_How to complete this task_.
Reproduce exactly the lines of this material that begin at the line with "This adorable, space-bound" and end at the line with "Kit 2 Poltronas", both included. Omit the pictures and everything else.

_Supplied material_.
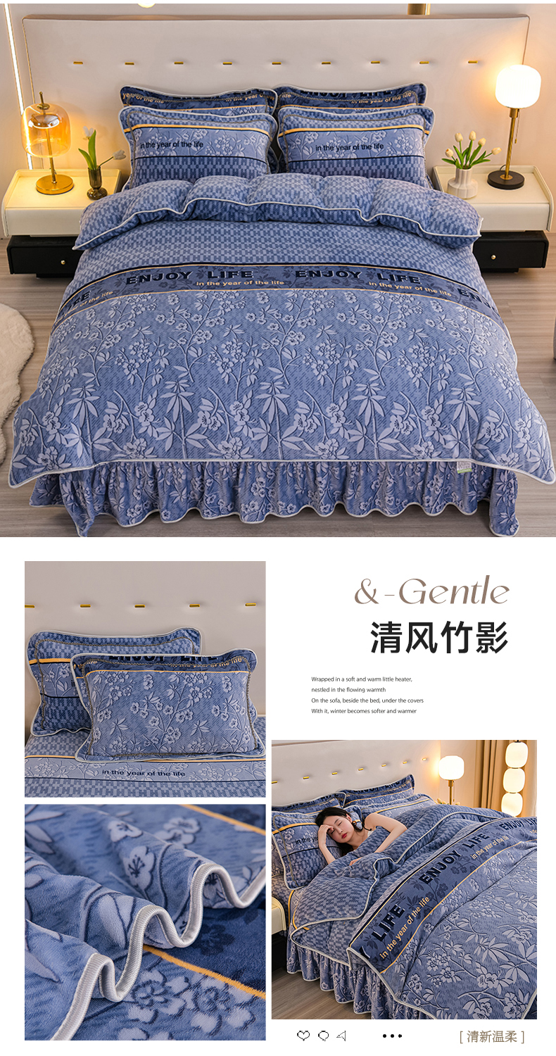 赫本家纺 2025新品8-9斤爆品牛奶绒四件套床裙款金雕绒法莱绒四套件 清风竹影
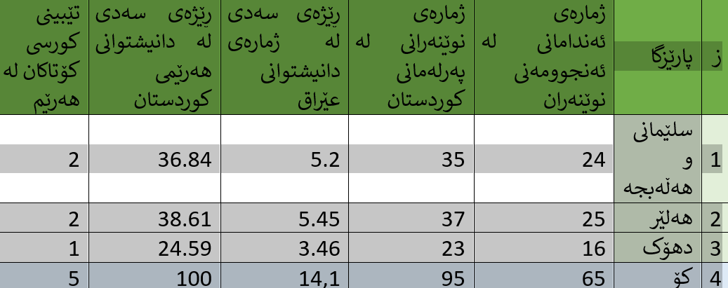 ژمارەیە بەشی (سلێمانی و هەڵەبجە 5.2%) و بەشی (هەولێر 5.45%) و (دهۆک 3.46%).
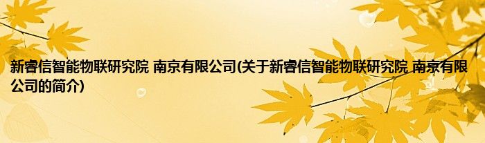 本文关于新睿信智能物联研究院 南京有限公司的简介就讲解完毕,希望对大家有所帮助。
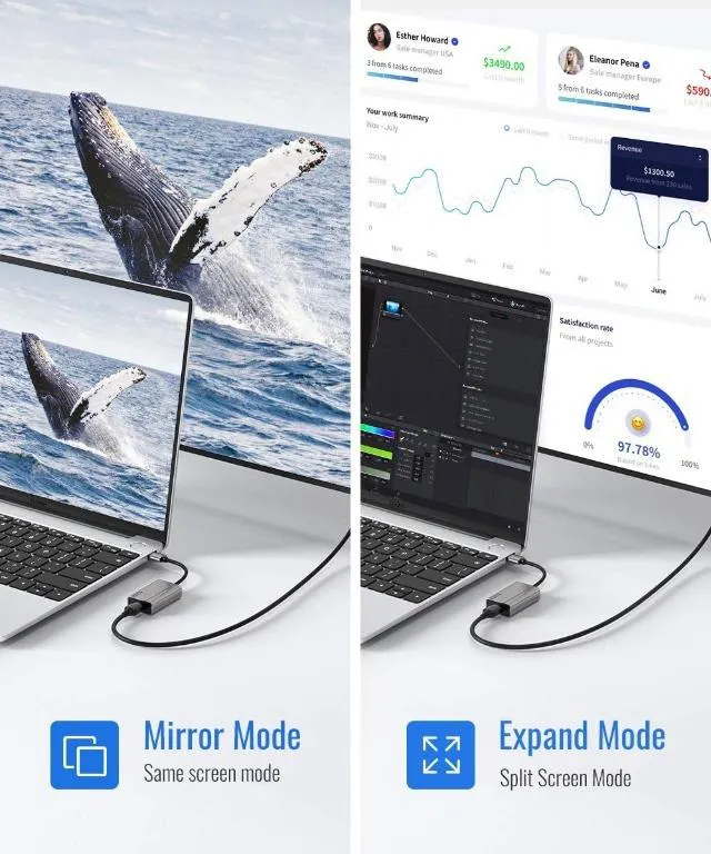 حالت Mirroring و Expansion: آداپتور USB 3.0/2.0 به HDMI از دو حالت نمایش پشتیبانی می کند: حالت آینه محتوای یکسانی را نشان می دهد، می تواند لذت بصری به شما بدهد، برای سرگرمی های بازی، سینمای خانگی، ویدئو کنفرانس، آموزش شرکت و غیره. حالت گسترش محتوای در حال
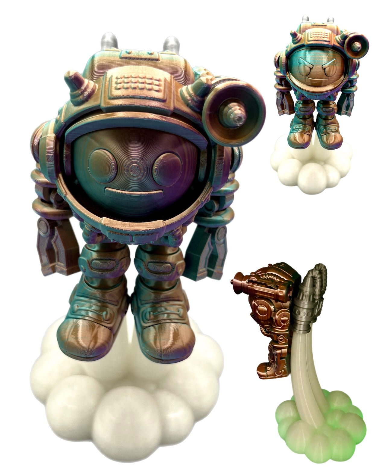This adorable, space-bound 3D-printed astronaut is equipped with a jet pack, a glow-in-the-dark smoke stack, and a retractable visor for added interactivity.
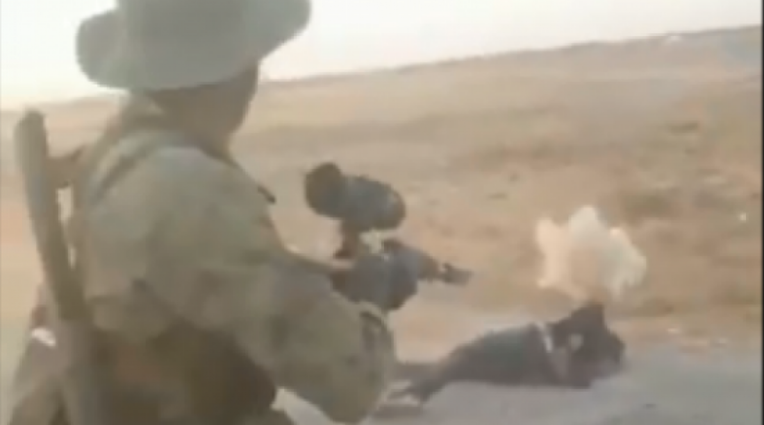 Σε ένα από αυτά φαίνεται ένας στρατιώτης, που ζητά να τον βιντεοσκοπήσουν καθώς απλώνει το όπλο του σε κοντινή απόσταση από έναν άνδρα κουλουριασμένο στο χώμα και τον πυροβολεί στο κεφάλι. Μαζί με έναν άλλο μαχητή φωνάζει: «Γουρούνια»!. Οι κουνημένες εικόνες από το πεδίο των μαχών βορειοανατολικά της Συρίας δείχνουν τη δολοφονία ενός Κούρδου αιχμάλωτου.
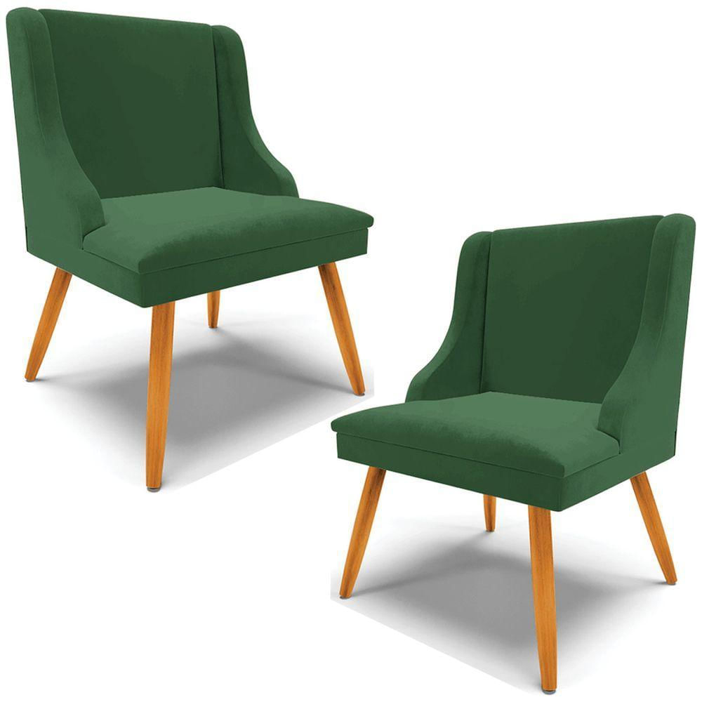 Kit 2 Poltronas Pés Palito De Madeira Veludo Verde/Natural
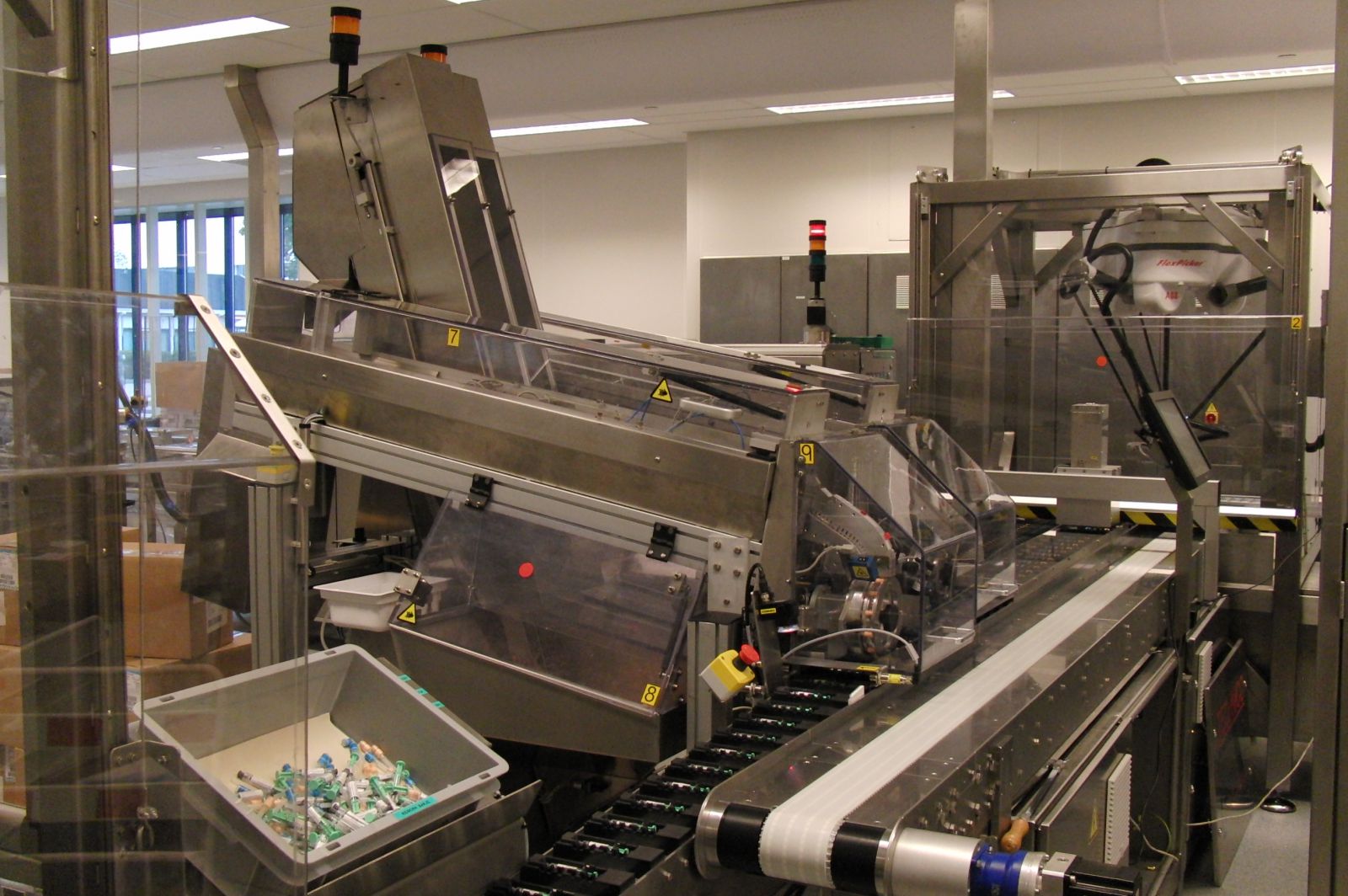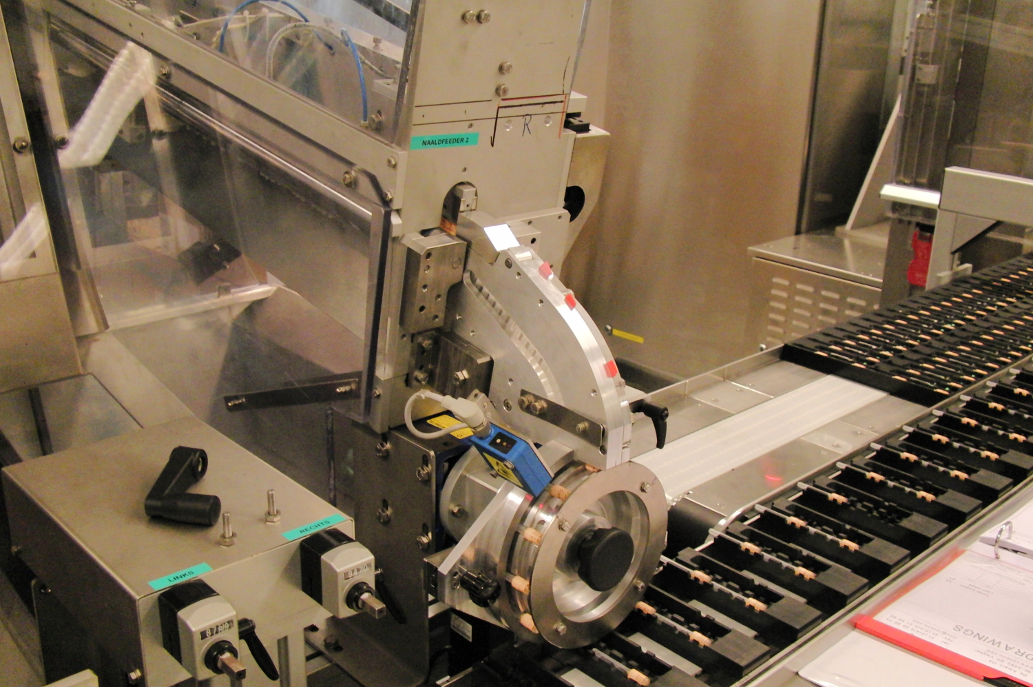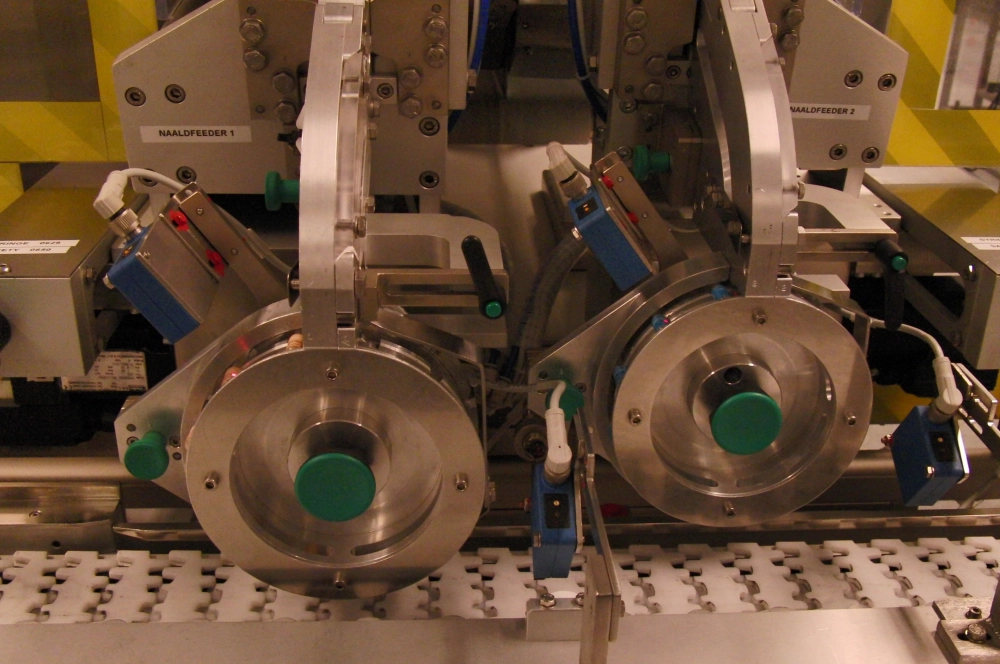A shipper case with needles can be emptied into the needle bunker. A Jacob's ladder transports the needles onto rotating shafts, which neatly line them up and guide them to the needle wheels. The needle wheels are equipped with servo motors that place the needles in the pocket of your machine at precisely the right moment. For this purpose, we equip your conveyor belt with holders, your blister machine, or any other machine with an encoder. Your machine can operate continuously (conveyor belt) or intermittently (blister machine). The needle position in your pocket can be adjusted laterally to the pocket's direction of movement. The complete needle feeder can be placed on a precision slide for this purpose. This GMP-compatible machine has an ergonomic design and is easy to clean.

_Solution to this exercise_.
This adorable, space-bound 3D-printed astronaut is equipped with a jet pack, a glow-in-the-dark smoke stack, and a retractable visor for added interactivity.
 Σε ένα από αυτά φαίνεται ένας στρατιώτης, που ζητά να τον βιντεοσκοπήσουν καθώς απλώνει το όπλο του σε κοντινή απόσταση από έναν άνδρα κουλουριασμένο στο χώμα και τον πυροβολεί στο κεφάλι. Μαζί με έναν άλλο μαχητή φωνάζει: «Γουρούνια»!. Οι κουνημένες εικόνες από το πεδίο των μαχών βορειοανατολικά της Συρίας δείχνουν τη δολοφονία ενός Κούρδου αιχμάλωτου.
 Kit 2 Poltronas Pés Palito De Madeira Veludo Verde/Natural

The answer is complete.